This pizza dough is simple and easy to make. You just need a few ingredients and a little muscle power and you will have yourself some wholesome and delicious pizza.
Once the ingredients are combined and you have kneaded the dough, just roll it out and let it rest for about half an hour. The longer you leave it the deeper the base will be. Alternatively, for a thin and crispy pizza, you can top it and bake it straight away after you have rolled it out.
For pizza topping ideas see Clean Eating Wholemeal Pizza.
Clean Eating Wholemeal Pizza Dough
- Yield: 4 Pizzas
This recipe is simple and easy to make.
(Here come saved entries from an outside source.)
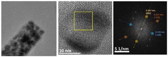 Comparing the spectra of pure NiPx and CoPx with the mixed one, we cannot exclude the co-presence of phase-pure Ni2P and CoP in the mixed compounds Co0.75Ni0.25Px and Co0.50Ni0.50Px. Indeed, the presence of Ni2P in Co0.50Ni0.50Px is confirmed by high-resolution TEM in Figure 4, where on a needle, 10 nm Ni2P particles are clearly identifiable by microdiffraction.
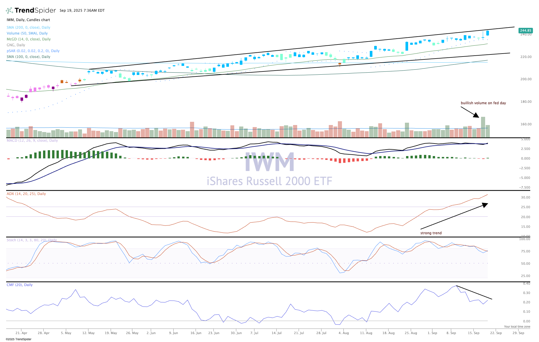 This past week’s action by the Federal Reserve will also serve to guide the IWM even higher. Lower interest rates are critical to small-cap companies that need lower borrowing costs to thrive and survive in a tough business environment. The most recent projections by the Fed indicate two more cuts are likely this year, one in 2026 and one in 2027 (which we believe is likely pulled into 2026).
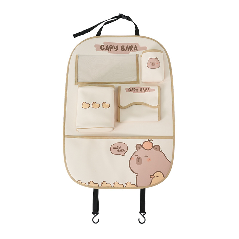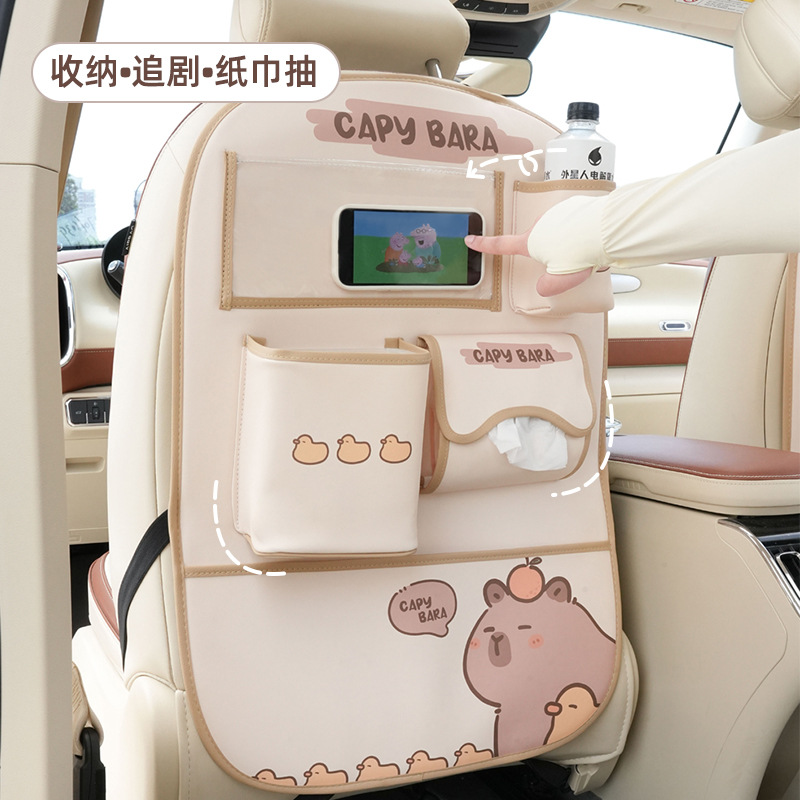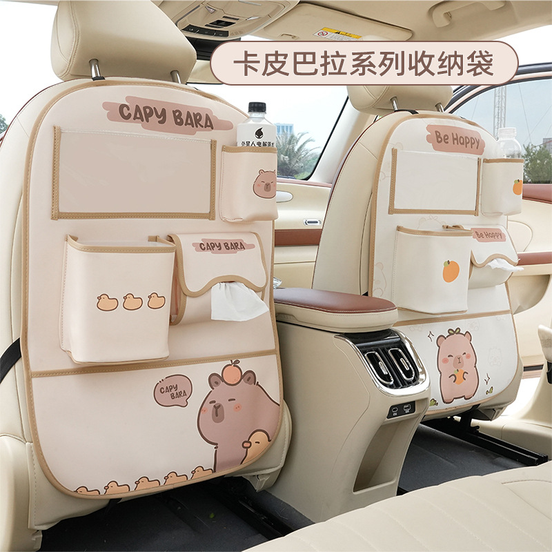 可爱卡皮巴拉车载垃圾桶 皮革耐脏耐磨车用收纳盒
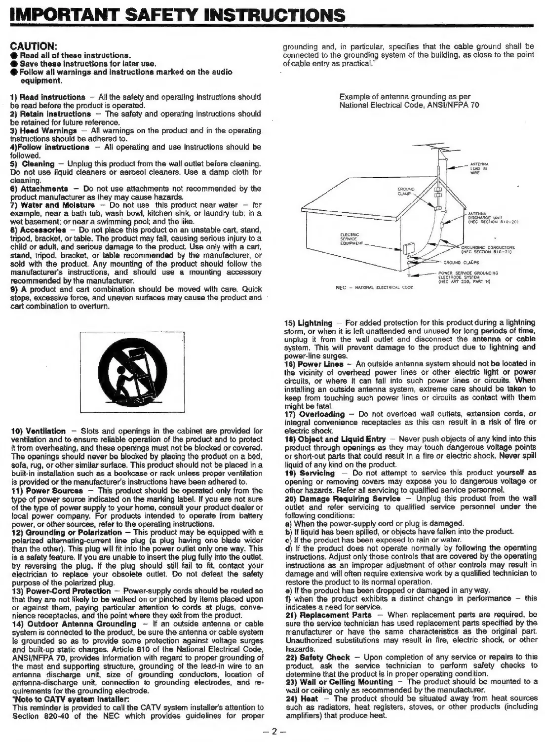 Teac AG-360 - IMPORTANT SAFETY INSTRUCTIONS; General Operation Safety; Equipment Handling and Environment; Electrical Safety and Protection
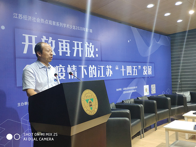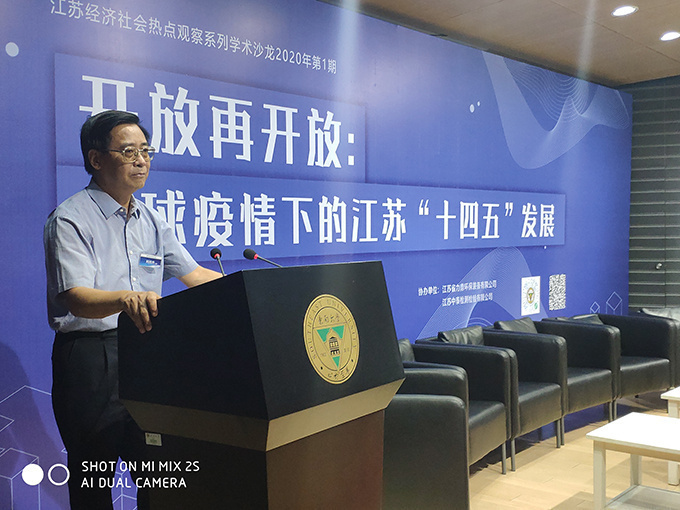 江苏省哲学社会科学界联合会党组成员尚庆飞副主席在致辞中表示:江苏是开放大省,外贸依存度超过40%,面对新冠疫情带来的巨大冲击和影响,只有以更大力度推动高水平改革开放再出发,加强与全球的深度融合,才能化“危”为“机”,在新的起点上“开放再开放”,加快由开放大省到开放强省的转变。希望在今年这样的特殊时刻,江苏发挥好人杰地灵优势,凝聚各类智库的智慧,更好地谋划江苏“十四五”高质量发展。
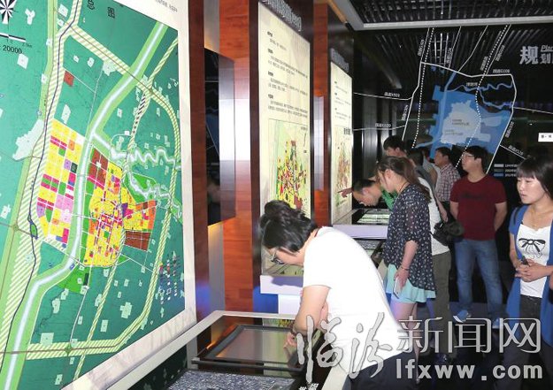 城市规划展区的市域城镇体系规划壁挂图吸引了参观者的注意。从这张壁挂图上可以直观地看到,集公路、铁路、航空运输方式于一体的交通格局,构筑起现代立体化大交通网络;市域城镇空间结构形成“一带两廊四通道”。
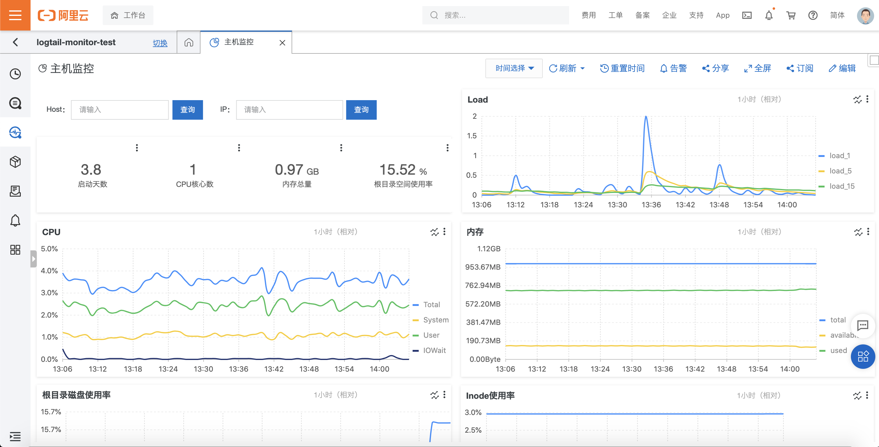 主机监控 | logtail采集 | 支持CPU、Mem、Disk、Net、System等相关指标采集链接 | |

You just need a few ingredients and a little muscle power and you will have yourself some wholesome and delicious pizza dough!
- 2 teaspoons Easy Bake/Fast Action Yeast
- 500 grams Strong Wholemeal Bread Flour
- 5 Tablespoons Olive Oil
- 240 ml Warm Water
- 1/2 teaspoon Fine Sea Salt
- Place the yeast into a large bowl and pour the flour over the top of it.
- Sprinkle the salt over the flour and then make a well in the center of the mixture.
- Pour in the olive oil and warm water and combine with a spoon.
- Once the mixture is mostly combined, get your hands in and bring everything together to form a ball.
- Take the ball out onto a lightly floured surface and knead for 10 minutes.
- Once kneaded, cut the dough into 4 equal pieces
- Roll out each of the 4 pieces of dough until they are approximately 0.5cm thick and place them onto a baking tray lined with grease proof paper.
- Cover the rolled out pizza bases with a tea towel and leave to rise for about 30 minutes.
- Preheat the oven to 200°C and prepare your pizza toppings whilst you wait.
- After 30 minutes, top your pizza with your desired toppings and then bake in the oven for 25 minutes, until cooked. (You can use a spatula to lift up the pizza so that you can check if the dough is cooked at the bottom).